Canadian Architects to Redesign Casablanca Coast

Canadian Architects to Redesign Casablanca Coast

Constance Renton
Aerial view of King Hassan II mosque of Casablanca August 27. The mosque, built on land gained from the sea, combines high tech and ornate Moslem tradition and has an estimated cost of $500 million. inaugurated Aug 30 - RTXEYJ1

TorontoA Canadian architecture firm, Lemay, has won an international competition to redesign corniches of Casablanca’s coastline, according to Leisure Management.

The contest was launched in June of 2016 by Casa Amenagement and invited bids from all over the world. Lemay’s winning design was chosen for its successful juxtaposition of sustainable development methods with modern urban design.

The design was chosen for its echoing of the classic Islamic garden style, incorporating overlapping layers of landscaping and grey water irrigation. The Lemay design will showcase resort areas, walkways, outdoor sports facilities and observation points.

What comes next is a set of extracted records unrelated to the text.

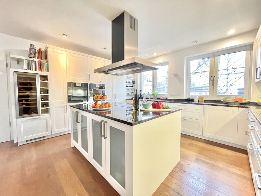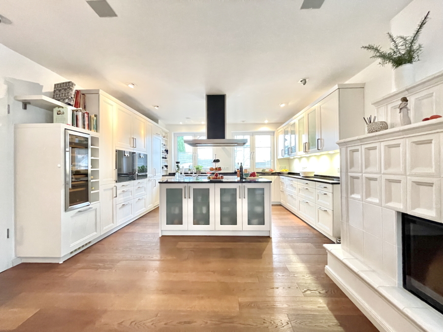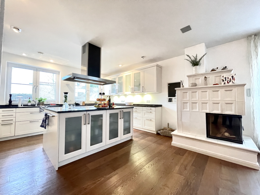 Eine große Kochinsel, Granitarbeitsflächen, hochwertige Geräte, ein Weinschrank und eine Kaminzone, die Kochen wieder zu einem Ritual macht.
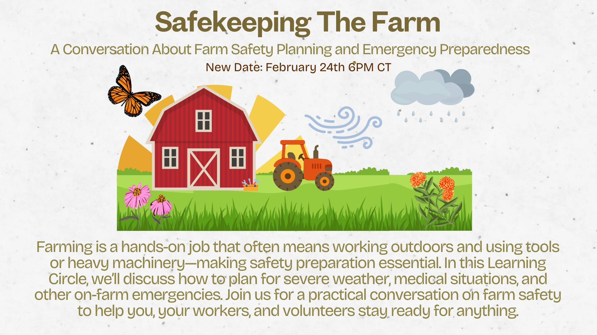 During this learning circle we will navigate discussion around making plans for severe weather, medical emergencies, and other emergencies that may happen on the farm. Join us for this conversation to discuss all things farm safety related.
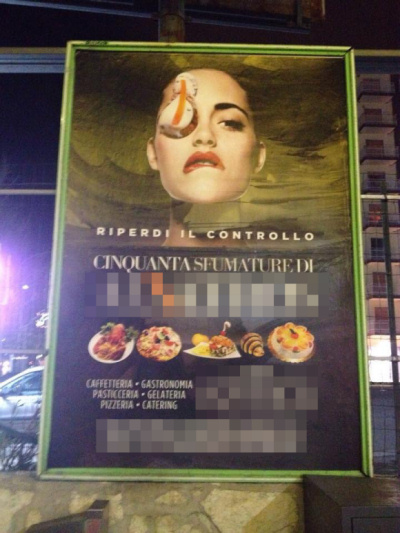 È appena uscito e già la pubblicità palermitana prova a sfruttarne la scia. Parlo di Cinquanta sfumature di grigio. Nella versione palermitana la testimonial ha un cannolo sull’occhio…
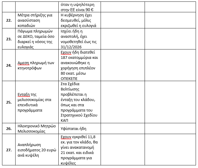 - Ένταξη μελισσοκομίας στα επενδυτικά προγράμματα Στην προδημοσίευση των Σχεδίων Βελτίωσης εντάσσουμε τους μελισσοκόμους στην ίδια προτεραιότητα με τη ζωική παραγωγή. Ο κλάδος έχει ενταχθεί στα προγράμματα νέων αγροτών και συμμετέχει σε επενδυτικά προγράμματα του ΣΣ ΚΑΠ. Για πρώτη φορά προβλέφθηκε συμμετοχή της βιολογικής μελισσοκομίας στο ΣΣΚΑΠ. Συμπεριλήφθηκε και στο 5.2 για ανασύσταση κυψελών μετά τον Daniel.
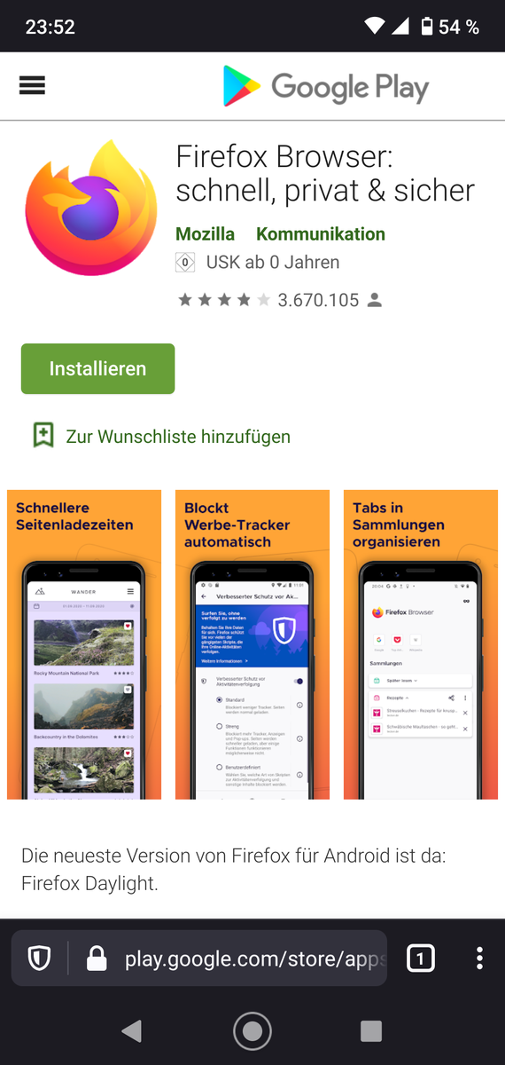 Gehe ich hingegen über die Mozilla-Downloadseite und folge dem Google-Play-Link, führt der mich zu einer anderen Version mit dem Button "Installieren"
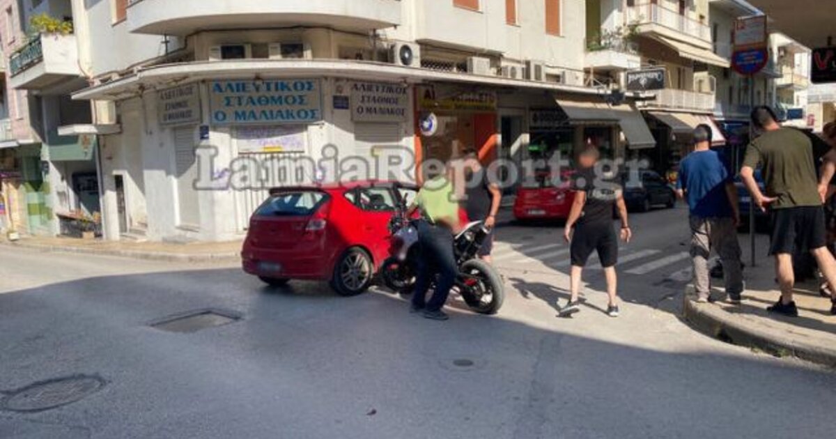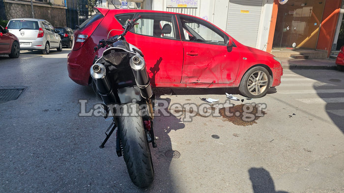 Τροχαίο ατύχημα σημειώθηκε γύρω στις 17:15’ το απόγευμα της Δευτέρας (19/6) στο κέντρο της Λαμίας και συγκεκριμένα στη διασταύρωση των οδών Χαντζοπούλου και Λεωσθένους, όταν μοτοσικλέτα συγκρούστηκε με διερχόμενο ΙΧ.
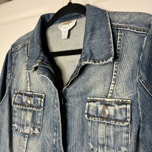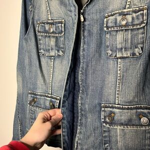 Classic denim jacket made of cotton spandex blend. Vintage from early 2000s. Classic style with large safari pockets on the front and full covered zipper. Collared. Size 10.
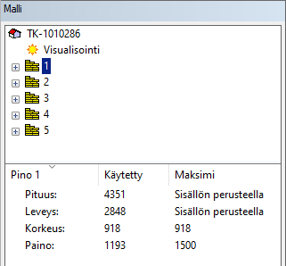 Sarakkeessa Käytetty esitetään pinon nykyiset mitat ja paino. Sarakkeessa Maksimi esitetään pinon ominaisuuksissa asetetut maksimimitat ja mahdollinen painoraja. Merkintä Sisällön perusteella tarkoittaa, että ominaisuuksissa on valittu Mitat sisällön perusteella.
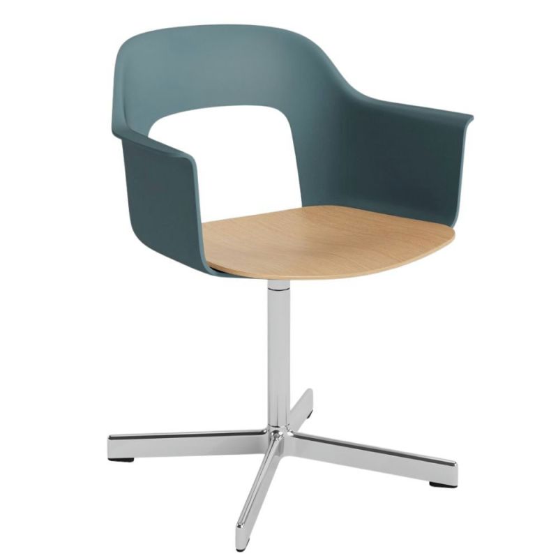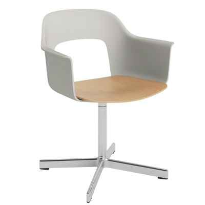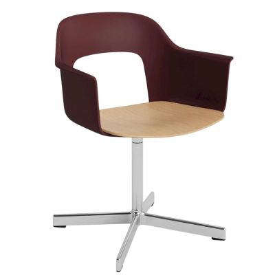 Layout Armchair 232, designet af Julien Renault med fokus på komfort, funktionalitet og bæredygtighed. Skal i min. 96% genanvendt plastik i flere farver, sæde i finér med forskellige finishes og drejefod med fire ben i poleret aluminium. Alle dele kan adskilles for lang levetid. Ideel til kontor og hjemlige miljøer.
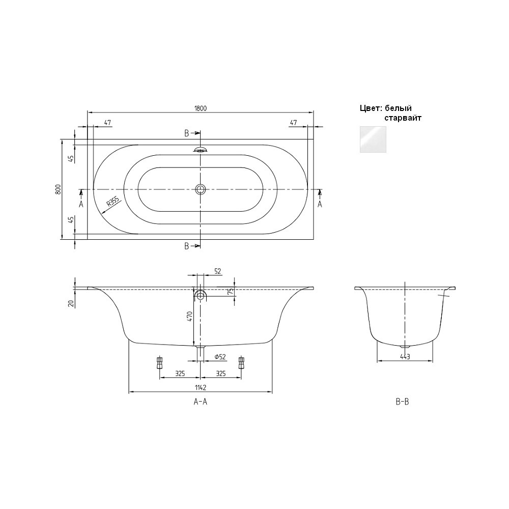 Ванна квариловая Villeroy&Boch Cetus 180x80 UBQ180CEU2V-96 с ножками, старвайт
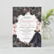Convite de Aniversário para Quinceanera Floral, Dourada Elegante, Negra e Rosa
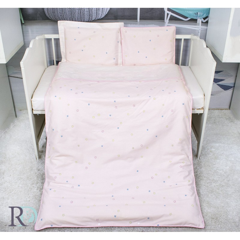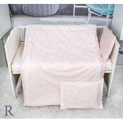 Комплекта е в приятна и мек на допр в приятно нежна цветова гама.
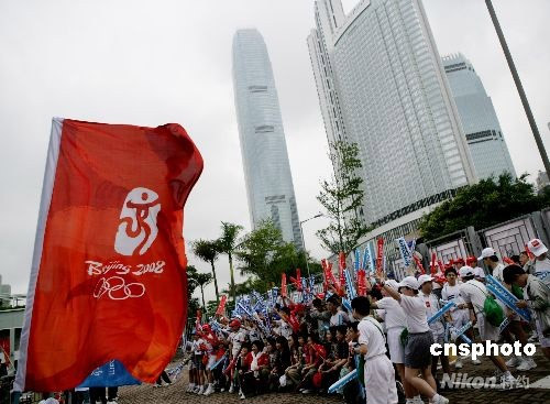 圖:香港民眾揮舞紅旗高喊“中國加油”
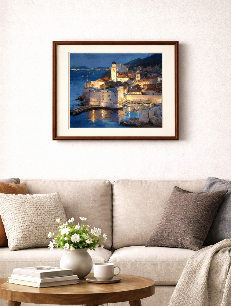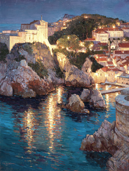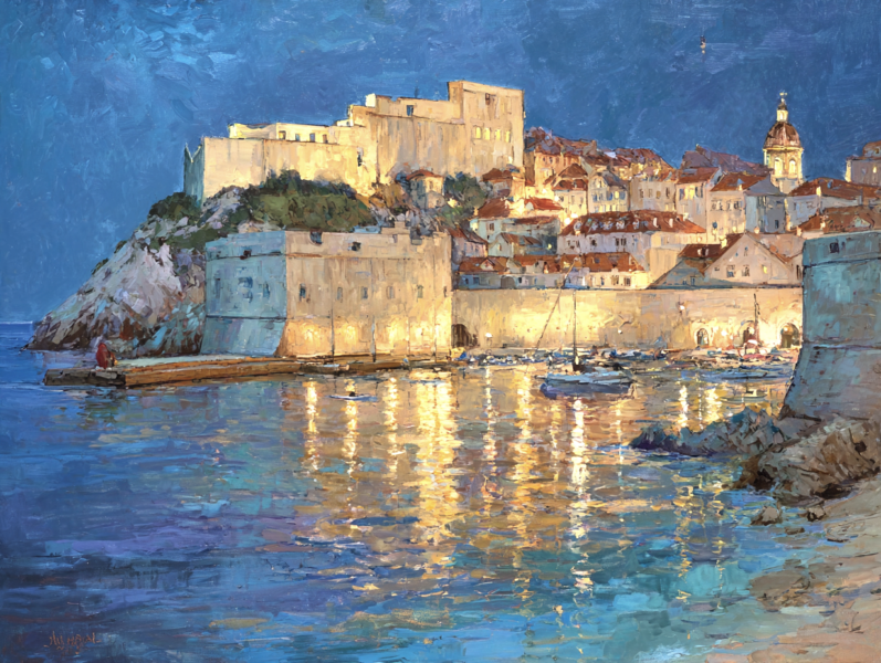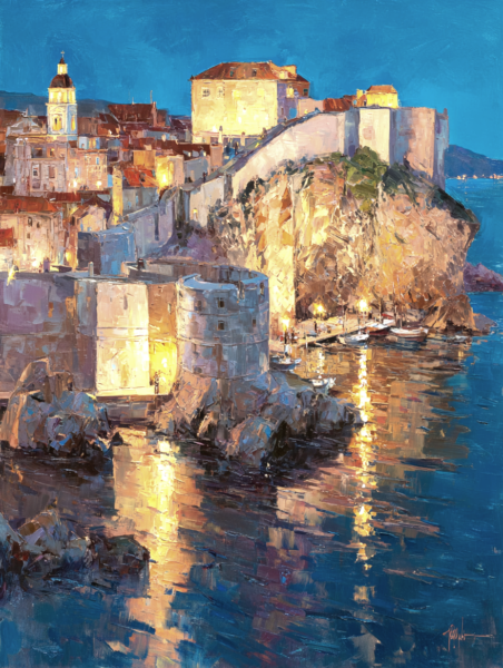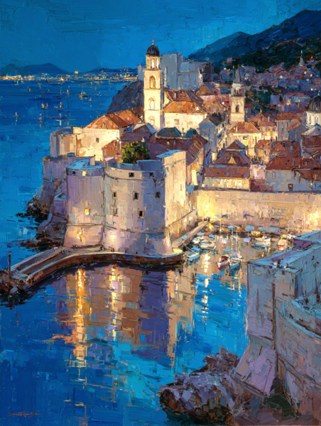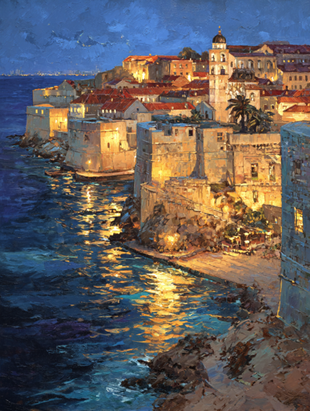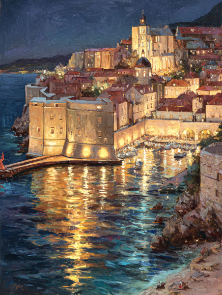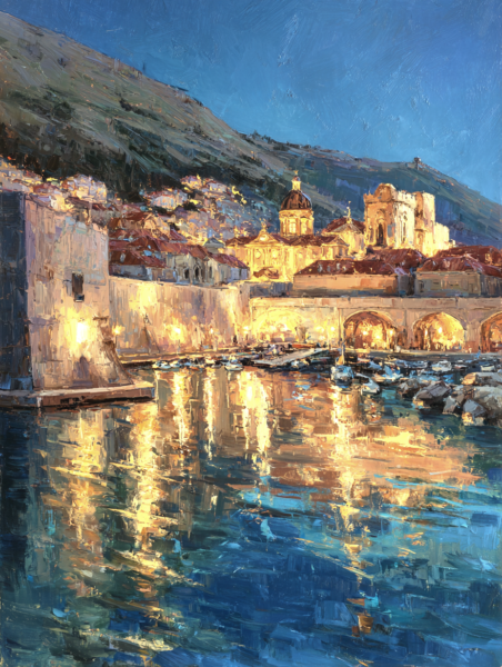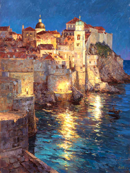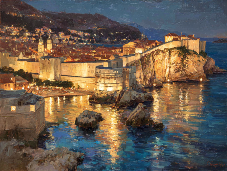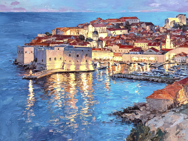 Do you know that magical time just before the sun rises? This oil painting captures that special moment in Dubrovnik, Croatia. The city is famous for its historical stone walls and its beautiful location by the Adriatic Sea.
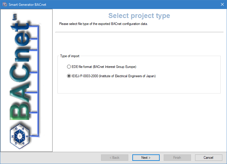 Select the type of the BACnet configuration file to import in the Select project type dialog. You can select either EDE or IEIEJ.
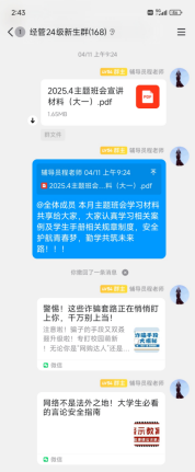 近日,为培养同学们的防范电信网络诈骗意识,加强同学们反诈宣传教育,在4月主题班会中,辅导员结合近年频发的电信网络诈骗案件,以及当前网络诈骗的新形势、新手法,通过案例分析、知识讲解等多种方式让全体在校生深入了解诈骗的危害及防范策略,并将相关案例整理发送员工信息群方便员工及时查阅,提醒员工做到个人信息不泄露、未知链接不点击、陌生来电不轻信、转账汇款多核实,守护自身人身财产安全,鼓励员工下载并使用国家反诈中心APP,利用科技手段为自己筑起一道坚实的反诈防线。
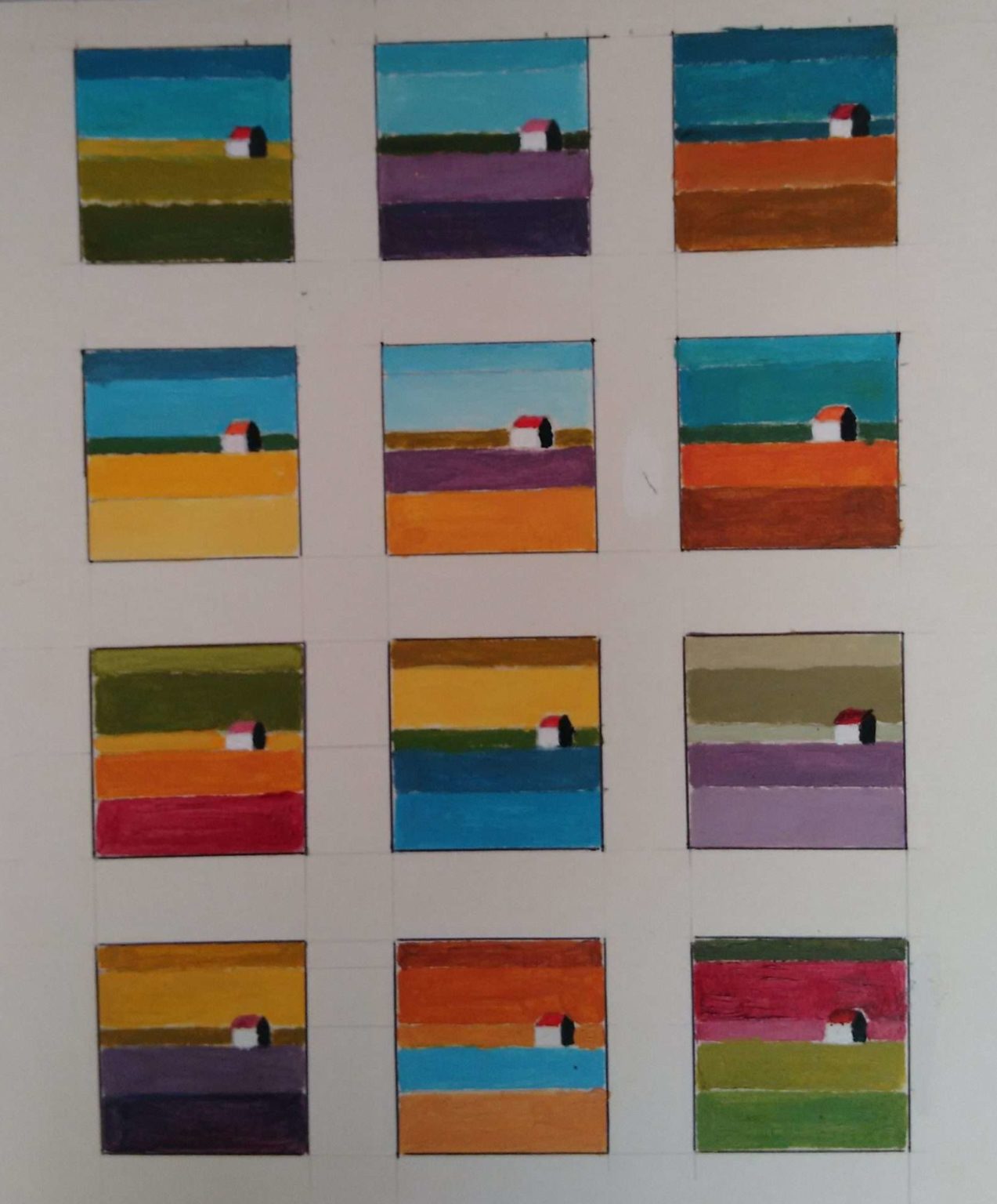 Voici quelques essais de cabanes… certains essais sont « sages », d’autres un peu plus libres voir parfois improbables. Je me rend compte en isolant chacune d’entre elles (côte à côte, elles se « répondent » beaucoup et s’influencent) que les harmonies colorées fonctionnent et ça me plait puisque c’était l’objectif de la formation ;-). En revanche, le travail que cela ouvre me paraît ici colossal car exponentiel si l’on veut tout tester…
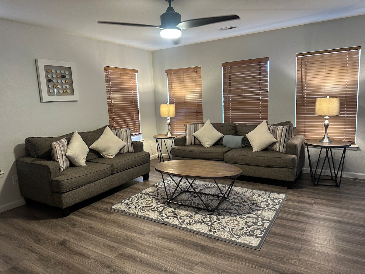가구가 완비된 침대 3개/욕실 2개가 있는 이 숙소에 앉아 휴식을 취해보세요. 차고 주차장 2개, 데크, 전용 뒷마당이 있습니다. 가족 휴가, 친구 그룹 또는 직장인에게 완벽합니다. 수상 경력에 빛나는 공원, 집라인, 승마, 승마, 양조장, 다양한 레스토랑과 가까운 작은 마을 매력. 아름다운 캐슬우드 캐니언 주립공원에서 가까워 하이킹을 쉽게 즐길 수 있으며 아울렛 몰과 프롬나드까지 몇 분 거리에 있습니다. 최대 성인 6명과 유아 1명까지 숙박 가능합니다.

The redesign will elevate five kilometres of the dramatic Casablanca coastline to a “layered sensory experience.” When completed it will form a leisurely seaside promenade from the sea to the city and back again. It’s a design guaranteed to make it a new Moroccan landmark.

The first phase is slated to begin construction any day. The entire project will be completed by July of 2018. Phase one will consist of a promenade along the King Hassan II Mosque and the Ain Diab corniche. The promenade will feature unspecified attractions, water features and light elements.

The project’s cost is projected to be USD $19.4 million. Lemay will be collaborating on the project with Moroccan company Geodata, specialists in topography and engineering.